Diversity of pedagogical methods and active learning
Most educators still use the lecture as the default teaching method. In France, it is culturally expected for university professors to give long monologues while students take notes in silence.
However, research on pedagogy suggests that “active learning” is key for students to remember what they have learned in class. As Professor Mel Silberman noted, the average student retention rate increases with demonstration, discussion, practice, and teaching to peers. We an use a variety of pedagogical methods and change during a single class. Since the COVID-19 pandemic, I rarely use a method for more than 30 to 40 minutes, and I like to mix things up by alternating short lectures, case studies, group discussions, debates, interviews with guests…
Educators can increase students’ engagement by using active learning methods such as:
- Launch polls to gauge learners’ views on a topic and ask one learner from an opinion group to elaborate.
- Organize “pair & share” sessions, when two learners debate an issue for 5 minutes. This is a great introduction to initiate a class discussion.
- Use “cold calls” and “warm calls” to generate engagement from everyone—including introverts—and keep the energy flowing.
Using boards effectively
Harvard is famous for its use of chalkboards. A typical HBS classroom contains 6 or 9 sliding chalkboards that professors use as key visual tools for learning. Chalkboards have many proponents among educators, especially in science: they always work, are easier to read, and allow educators and learners to slow the pace and focus.
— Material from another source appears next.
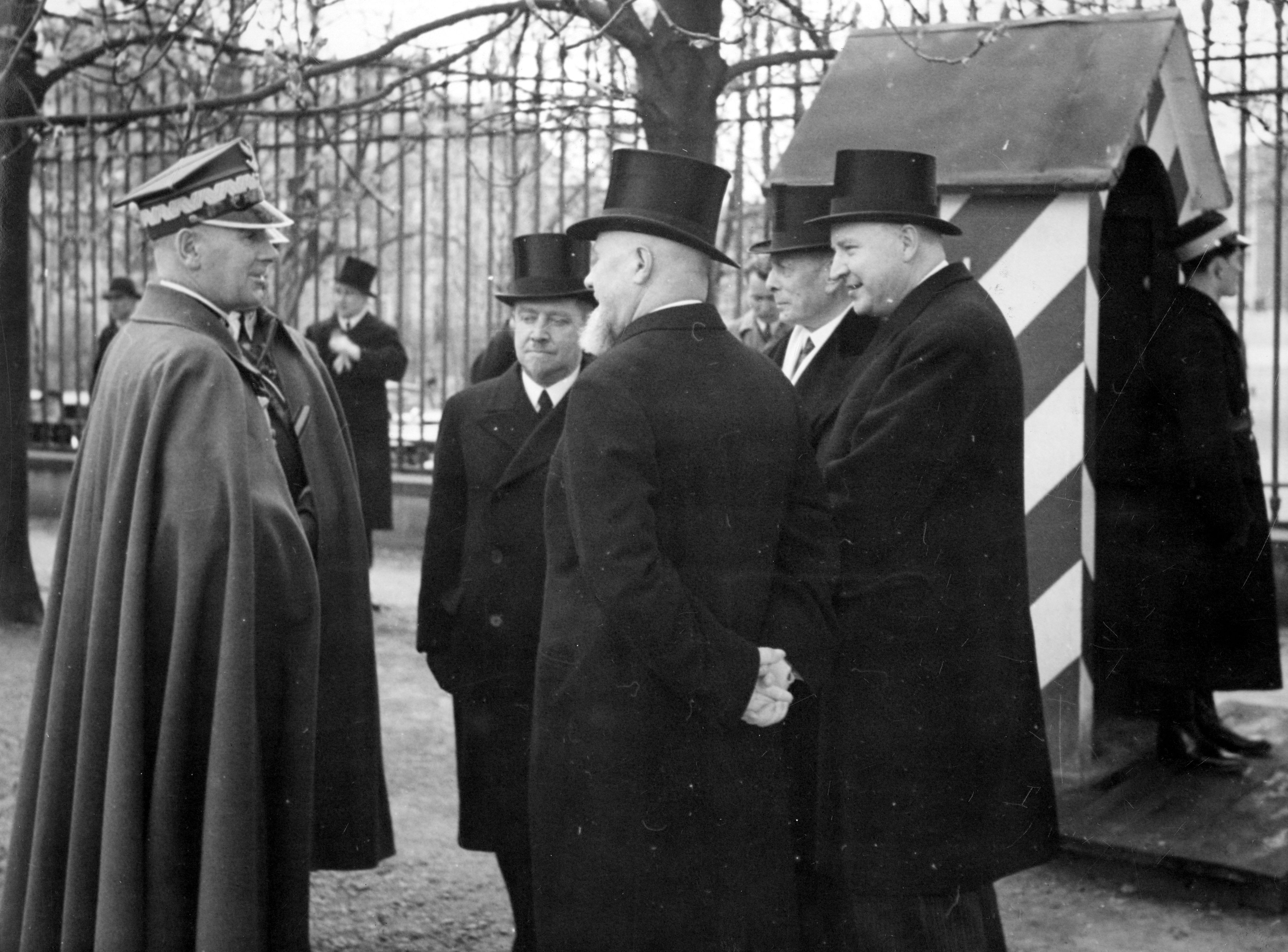Druga rocznica konstytucji kwietniowej, Warszawa 23.04.1937 r. share Podziel się facebook google + twitter linkedin clipboard envelope print quote picture add × Cytowane źródła Cytowanie źródła on-line, czyli Internetowego Polskiego Słownika Biograficznego Druga rocznica konstytucji kwietniowej, Warszawa 23.04.1937 r., [online] Warszawa: Narodowy Instytut Audiowizualny [dostęp 27.02.2026]. Dostępny w internecie: http://www.biogramy.pl/a/foto/druga-rocznica-konstytucji-kwietniowej-warszawa-23041937-r Cytowanie wydania drukowanego, czyli Polskiego Słownika Biograficznego , Druga rocznica konstytucji kwietniowej, Warszawa 23.04.1937 r., [w:] Polski słownik biograficzny, t. , IPSBID: ipsb-fo-76212 × Wyślij link do strony E-mail odbiorcy wiadomości: To pole jest wymaganeWpisz poprawny adres e-mail Twój adres e-mail: To pole jest wymaganeWpisz poprawny adres e-mail Podgląd wiadomości, która zostanie wysłana: Witaj, [Tutaj podany Twój e-mail] poleca Ci treść z iPSB (internetowym Polskim Słowniku Biograficznym) Druga rocznica konstytucji kwietniowej, Warszawa 23.04.1937 r. × Dodaj do kolekcji wybierz kolekcję, do której chcesz dodać ten artykuł: lub wpisz nazwę nowej kolekcji, do której chcesz dodać ten artykuł: : To pole jest wymagane Dodaj do kolekcji Wybierz kolekcję Swoje kolekcje znajdziesz w profilu. Wystarczy kliknąć ikonę zębatego koła w górnym prawym rogu. Możesz je zobaczyć tu: moje kolekcje. × Dodaj do kolekcji Element został dodany do Twojej kolekcji. Swoje kolekcje możesz zobaczyć tu: moje kolekcje. × Dodaj do kolekcji Aby dodawać materiały do kolekcji musisz się zalogować. OPIS POSTACI POWIąZANE Dygnitarze przed Belwederem. Widoczni m.in. marszałek Polski Edward Rydz-Śmigły, marszałek senatu Aleksander Prystor, marszałek sejmu Stanisław Car, prezes Sądu Najwyższego Leon Supiński, prezes Najwyższej Izby Kontroli Państwa Jakub Krzemieński. Postaci powiązane Edward Rydz-Śmigły 1886-03-11 - 1941-12-02 działacz niepodległościowy Stanisław Car 1882-04-26 - 1938-06-18 polityk Aleksander Błażej Prystor 1874-01-02 - po 26 VII 1941 działacz niepodległościowy Leon Władysław Supiński 1874-02-18 - 1950-03-02 minister sprawiedliwości więcej >> Zobacz zdjęcie w najwyższej jakości Źródło

While having so many boards at hand is rare, educators can nonetheless use one or two boards effectively, especially with active learning methods. With the case method, boards are very useful to sort ideas and present a clear structure to the discussion. As students develop their arguments, I take notes of main ideas and highlight connections or contrasts. Progressively, the board fills up and leaves a trace of the collective knowledge developed during the course:
- Prepare your board structure ahead of class to guide the discussion and save time as ideas start flowing.
- Use one board as a “parking lot” for topics to discuss later, then return to the main board to maintain the flow.
- Create columns to compare ideas and highlight tensions in the case (e.g., opportunities vs. challenges, strengths vs. weaknesses, yes vs. no).
Evaluating student participation
When grading participation, educators are often left wondering: how to be fair and objective in my assessment? What should the performance criteria for student participation be? When talking with colleagues, I realized that it encompasses many dimensions that we need to articulate.
Common criteria include quality of reasoning, clear articulation of ideas, depth of arguments, contribution to class knowledge, alignment with session objectives novelty and creativity (“thinking outside the box”), attention to others’ ideas, effort and merit, individual progression:
- Clarify expectations early on. In your syllabus, be explicit about your criteria for participation and tell students exactly what you expect from them.
- Strike a balance between rewarding learners for the frequency and quality of their contributions.
- Use a consistent grade distribution for participation. The best grade should be given to learners in the top 10-20% of their class.